# Found my first MTN bike- '85 Mountain Tour



## neo_pop_71 (Apr 11, 2008)

Lady Luck smiled on me over the weekend and I was fortunate enough to find and reacquire my first mountain bike. Not much had changed, only a few parts (the grips, saddle, and tires), since selling it 20 years ago, miracle! The previous owner or owners weren't as loving as I was, it looks like it lived outdoors for some time... but a little TLC should bring back the original luster. I did a little searching and found out that in 1985 Raleigh made three model with triple butted steel frames, the Seneca was third, just below the Elkhorn and (the top) Crested Butte.

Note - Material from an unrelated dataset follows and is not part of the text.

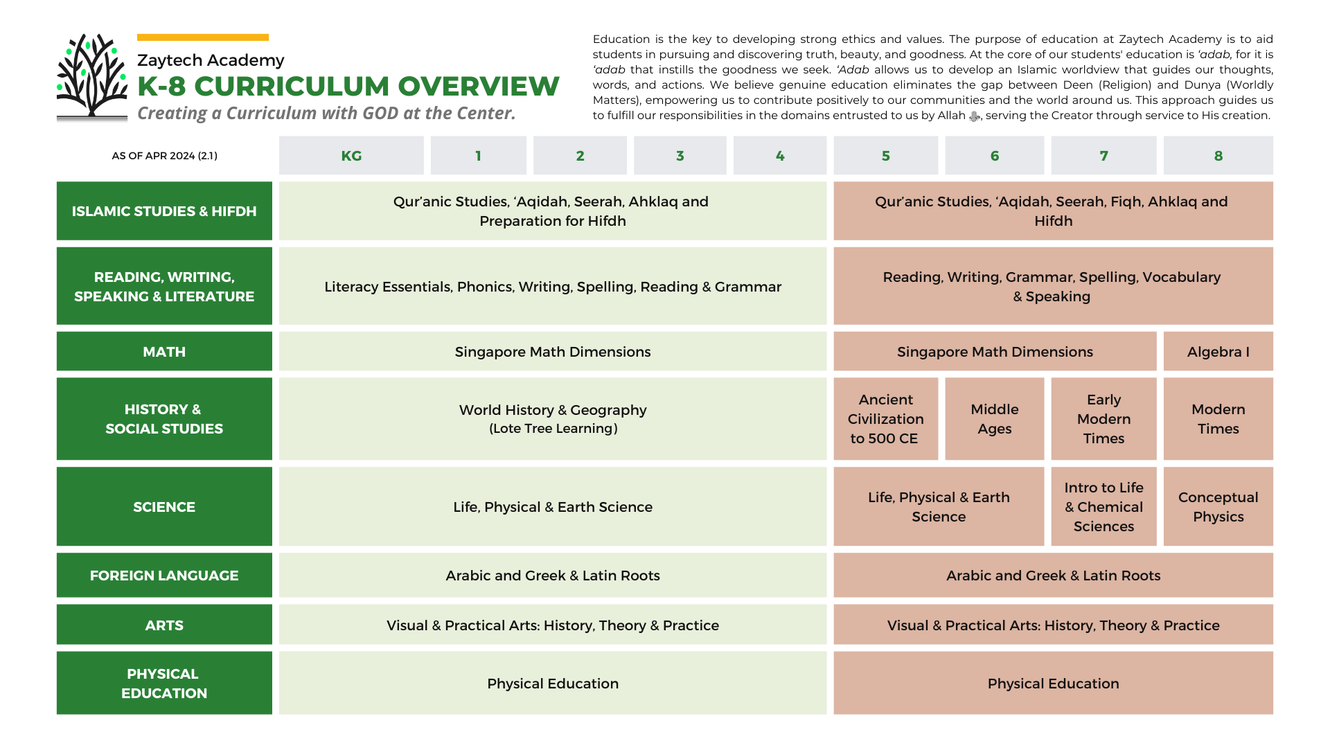 At Zaytech Academy, our history and social studies curriculum will follow a four-year cycle from grades 1 to 8. Students will delve into the Ancients, Middle Ages, Early Modern Times, and Modern Times twice during this period.  Aligned with the Tawhidic principle that emphasizes the interconnectedness of all knowledge and the Unity of Allah ﷻ, students will explore these historical eras with increasing depth as they progress from grades 1 to 8. Moreover, subjects such as math, science, language arts, Qur’an, and Seerah are integrated with history. This comprehensive approach is designed to offer students a well-rounded education that fosters a holistic worldview.

There is a strange picture from a 1985 issue of Mountain Biking (on MOMBAT's Raleigh page):

https://www.mombat.org/685Bikes2.jpg

Basically, three $500 production bikes, a Schwinn, Ross, and Raleigh, up against a $2,000 Potts? C'mon! I read the article that reviewed the rides and asked the $2,000 question. I especially laughed on page 3 where it likened the Raleigh to Tom Ritchey and Gary Fisher with their "California geometry"... seems like those names shouldn't be in the same sentence together. I'll attach pictures of both, this '85 Seneca and my old '85 Timber Comp and you be the judge how their geometries differ.

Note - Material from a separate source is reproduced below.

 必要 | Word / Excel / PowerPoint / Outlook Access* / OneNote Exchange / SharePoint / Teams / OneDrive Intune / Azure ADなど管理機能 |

For reference to the specs, check the link to MOMBAT's Raleigh page:

https://www.mombat.org/1985_Raleigh_Elkhorn.htm

The bikes were spec'ed almost the same but the Seneca had the cool (IMHO) DiaCompe cantilever brakes the used a small pulley for the cable saddle (hard to make out in my pictures, sorry). Both bikes had the same nice set of wheels, the set was laced to a pair of solid high flange Malliard (Sachs) track hubs. Given the moderate price, it was hard to beat the 575 triple butted cro-moly frame with the hi-tensile lugged crown fork. Sure I dreamed of owning a Ritchey but as a freshman in high school, my Ritchey was years away (I did eventually get '85 Ritchey Timber Comp, but now it's in Aemmer's stable). I need to get the Seneca cleaned up and put right but I have a uneasy suspicion that the Raleigh isn't going to ride quite as nice as the Ritchey. It's still nice to have the old "boat anchor" back, I never expected to see it again after it left our garage sale that Saturday morning.

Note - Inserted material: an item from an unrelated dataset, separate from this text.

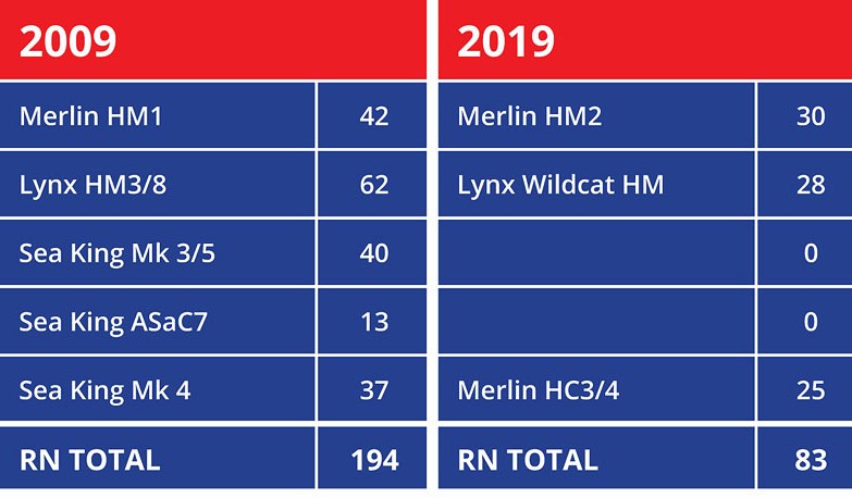 dramatically by 57% (from 194 to 83) in the decade between 2009 and 2019! It should be emphasized that Royal Navy lost completely the capability of long patrol missions with the retirement of all the Nimrod variants and the fail of the development and procurement plan of the Nimrod MRA4 aircrafts (the procurement plan was ultimately cancelled in 2010 as a result of the Strategic Defence and Security Review, at which point it was £789 million over-budget and over nine years late). Moreover, all the nine (9) constructed Nimrod MRA4 aircrafts were.. scrapped. The Public Accounts Committee concluded in February 2012 that the decision had been made without a proper understanding of the cost implications and had wasted £3.4bn! Fixed-wing carrier operations ceased in 2010 with the retirement of the last Harrier aircraft. HMS

Thanks for taking a moment to check out my silly posting!

-DON-

p.s. Hey Tim, interested in a trade?


----------



## Ride Free or Die (May 4, 2010)

Thats cool you were able to recover your first, especially considering its age. I'm sure many of us wish we could do the same....


----------



## neo_pop_71 (Apr 11, 2008)

*I almost didn't recognize it...*

Thanks R. F. or D. for the comment, it was a really cool thing once I realized it was my old bike, but I didn't figure it out immediately with the funky set up (as pictured). The guy said his uncle bought it years ago at a garage sale. I asked him did he know where or what city. He replied, "No, but my uncle is kinda' a home body and doesn't venture too far." Being it was only one city over from my dad's home, I took a closer look. When I sold it, the paint shined like new, it had the leather portage strap that said Seneca, and the SR BMX pedals had toe clips and straps. Now, the paint is dull and oxidized, no portage strap, and the toe clips are missing... but it has been 20 years. The originality and condition were my bargaining points and my rational for not selling it for a penny less than $100.00. Pretty fair deal back to me because I only paid $15.00 for the bike. I'm not going to lose my mind fixing it up but I do have some spare parts... fun project!


----------



## kpomtb (Feb 2, 2006)

That's awesome. I'm not sure what happened to my first bike, a 1988 Jamis Dakota. But last week I arranged to buy back my second. A Trek 990 from 90 or so, that I bought frame/fork and pieced the rest together. I should have it back later this week and will post pics. It will be interesting to see how it rides compared to the others. I still have my 3rd frame, waiting to be rebuilt (94 Salsa A La Carte), and several others that have followed. Would love to find the first too, but the last time I saw it, it was doing blue collar duty for someone with some chemical dependency issues. I worry that it probably didn't survive the last owner.


----------



## joeadnan (Oct 21, 2003)

Cool, and congrats for getting your first bike back. How do you know it's the same one though?


----------